Después de haber pasado una intensa semana en Quito, entre el proceso de trabajo de Ciberseguras (una plataforma de soporte, acompañamiento y aprendizaje en seguridad digital para mujeres) y el I Encuentro Internacional Ciberfeminista, gestionado por El Churo; merece la pena tomarse un tiempo para plantear algunas reflexiones, que como hombre, me surge de la participación de espacios así.

Primero de todo deberíamos pararnos un momento a pensar sobre el término “feminista”. Creo que ya no quedan más formas de contar y explicar lo que es y lo que no es, pero lamentablemente, sigue siendo necesario darse un momento a explicarlo. Y qué mejor que hacerlo con dibujitos, y si son tan buenos como los de Pictoline mejor que mejor:

Y entonces, ¿por qué usamos esa palabra y no otra? ¿por qué genera tanto sarpullido al mencionarla? Vamos con otra gran ilustración de Pictoline de nuevo:

Ahí nos encontramos en el gran dilema: si bien el feminismo no habla exclusivamente de problemáticas de mujeres sí encara una visión y ejercicio vital desde una perspectiva de género, y ahí, es dónde la problemática de acceso, justicia, equidad e incluso, derecho a la vida, se torna una cuestión de y para las mujeres.

Por tanto, se crea un problema mayor cuando a un encuentro feminista asisten hombres. Por un lado un encuentro feminista no es excluyente (o no debería serlo) sino más bien un necesario encuentro entre mujeres y hombres para construirse y también deconstruirse, sobre todo esto último. Somos muchos que hemos nacido en contextos patriarcales y machistas, y que tenemos tanta necesidad de aprender y romper con estereotipos que, al momento de compartir espacios con mujeres un mundo lleno de nueva simbología y referencias que nunca se nos habían pasado por la cabeza aparece.

Por otro lado, y a vista de la continua y constante exclusión de la mujer de espacios de poder y deliberación tomados por hombres (negocios, hospitales, universidades, escuelas,…) así como aquellos que habitamos cotidianamente (medios de transporte, los bares, la calle…) es totalmente necesario que se cuente con espacios por y para mujeres.

¿Por qué? Porque encontrarse y reconocerse es, en cierto modo, hermanarse. Y esto es algo que las mujeres tienen el derecho de ejercer sin la necesidad de que estemos ahí para conflictuar con nuestra presencia reflexiones que no logran más que trabas para que todo fluya.

¿Feminista o para mujeres?

He de reconocer que aquí hay un tema que tendremos que ir viendo cómo se desarrolla a futuro.

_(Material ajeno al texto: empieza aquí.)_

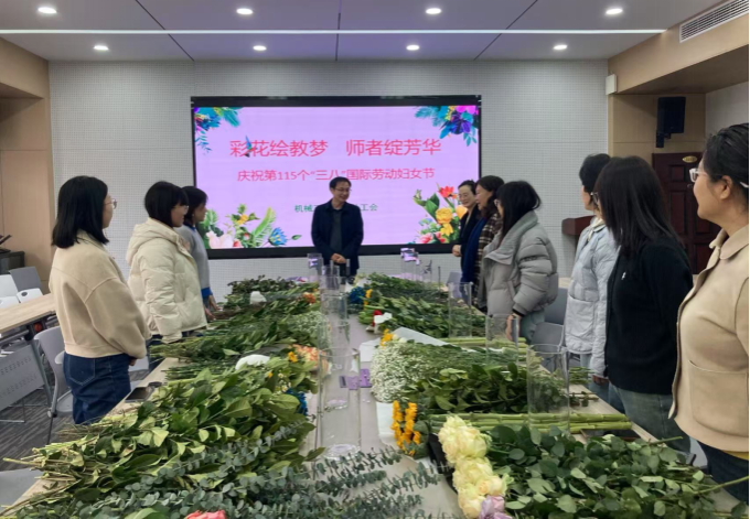 在第115个“三八”国际劳动妇女节来临之际,机械工程学院分工会于3月7日下午在学院会议室举办了主题为“彩花绘教梦 师者绽芳华”的插花活动。学院全体女教职工参加了此次活动,共同庆祝属于自己的节日。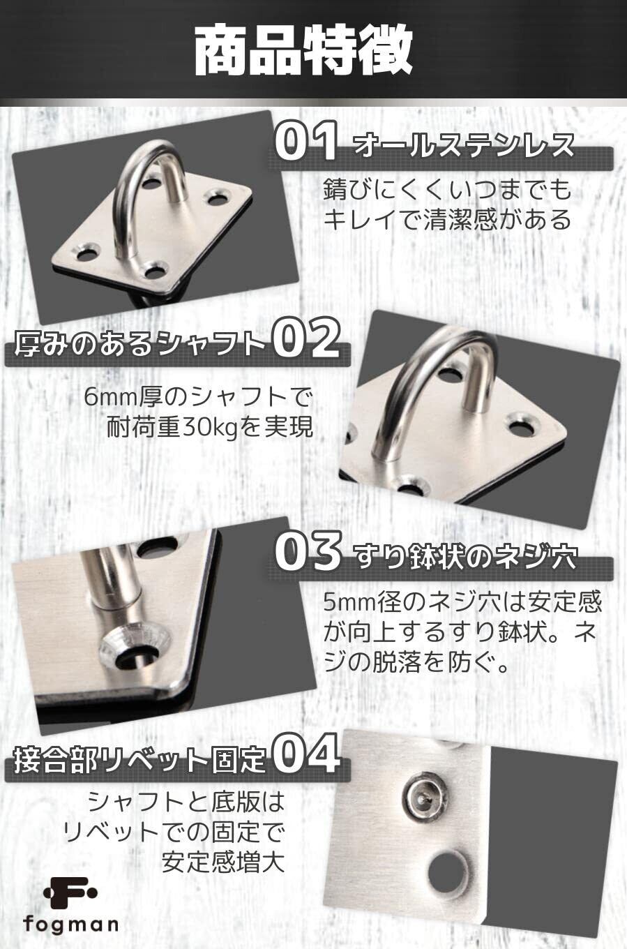 fogman パッドアイ アイプレート 天井フック ステンレス U型 ハンモック ネジ付き 4個セット

Después de esta semana soy aún más consciente del proceso tan largo que queda por recorrer. Como hombre trabajo para intentar llevar el feminismo a la mayor cantidad de esferas de mi vida; aprendiendo y dándome cuenta de cuántas veces uno cae en los lugares comunes y prejuicios con los que ha sido educado y culturizado.

En este sentido nos faltan más espacios feministas: espacios donde compartir entre chicos y chicas cómo se siente, cómo pasa y qué nos pasa. Es necesario y buenísimo compartir para entender y fortalecer alianzas. Para ponernos en la piel del otro y la otra a base de hablar y escuchar mucho. Por supuesto que un hombre no va a llegar a entender qué se siente ser mujer, y por supuesto que viceversa tampoco. Por ello, necesitamos del feminismo como hoja de ruta para encontrarnos y crear en un gran conjunto el espacio que queremos habitar.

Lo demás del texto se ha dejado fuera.